The following article is from RF Baihuatan by Liao qiwen and so on
Translated by Hualink Technology Sunny Li
Aiming at the high speed transmission of PAM4 data in 5G communication, several key technologies for data and clock recovery are proposed, including baud rate sampling, edge selection, optimal sampling and threshold adjustment. A rate of more than 50 Gbit/s in a single channel can effectively reduce the hardware overhead of the chip, reduce the system power consumption, reduce the bit error rate (BER), and improve the robustness of the chip. The above technologies were verified by chip design and wafer fabrication in 65 nm complementary metal oxide semiconductor (CMOS) process. The test results show that the chip recovery clock has 1.08 Ps root mean square (RMS) time-domain jitter.

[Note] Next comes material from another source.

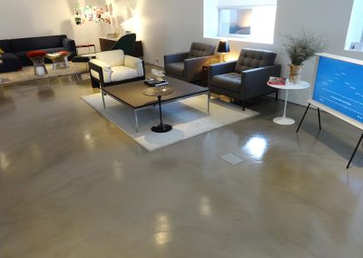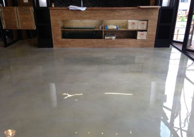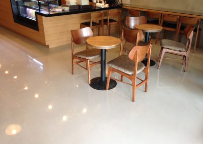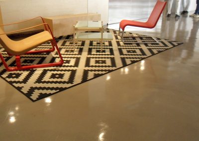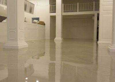 장점 이음새 없는 대리석질감의 마감연출이 가능, 통바닥이라 공간이 훨씬 넓어보이며, 전시장 바닥의 경우 시선이 분산되지 않아 전시물에 시선이 집중 되게 할수 있고, 시공시 사용자나 설계자의 다양한 디자인을 연출 또는 적용할수 있다.

The maximum recovery data rate at 51 Gbit/s can achieve 3.4×10-9 PAM4 signal BER and energy efficiency as low as 6.27 pJ/bit.

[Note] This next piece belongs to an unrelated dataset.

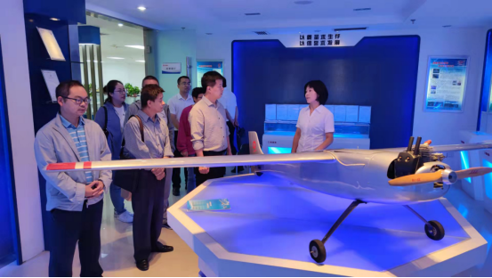 考察队伍一行首先对三和数码测绘院的无人机航测队进行了考察,就无人机的研发以及传感器的装配,无人机在测绘、环境监测、应急管理等行业的应用以及无人机培训等方面进行了调研。

1 Clock and data recovery in optical communication
With the birth of big data and cloud computing technology, the amount of data shows explosive growth, and the demand for data communication bandwidth is increasingly strong, while the traditional electrical interconnection technology has been unable to meet the demand for high-speed information transmission. In this context, in order to achieve higher rate of information transmission, optical interconnection, a data transmission scheme using light wave as transmission medium and optical signal as information carrier, has attracted more and more attention. Optical interconnection can be understood as alternatives to traditional optical communication technology in short scene for electrical communication technology and the form, on the basis of has all the technical advantages of the optical communication, but also has higher performance characteristics of integration, low power consumption, low cost, so the light interconnection to realize ultra-low power consumption, long and ultra-high speed, high density of data communication, At the same time, it also has the characteristics of no electromagnetic interference, short delay, long life, safety and reliability. Therefore, optical interconnection technology represents the future development direction of long and medium distance data communication technology. Optical interconnection has the characteristics of low power consumption and high integration, the core of which is integrated photonic technology and integrated circuit technology, mainly including: high-speed laser chip technology, high-speed modulator chip technology, and integrated optical waveguide technology, integrated driver chip technology, photoelectric detection chip technology, and integrated digital signal processing technology.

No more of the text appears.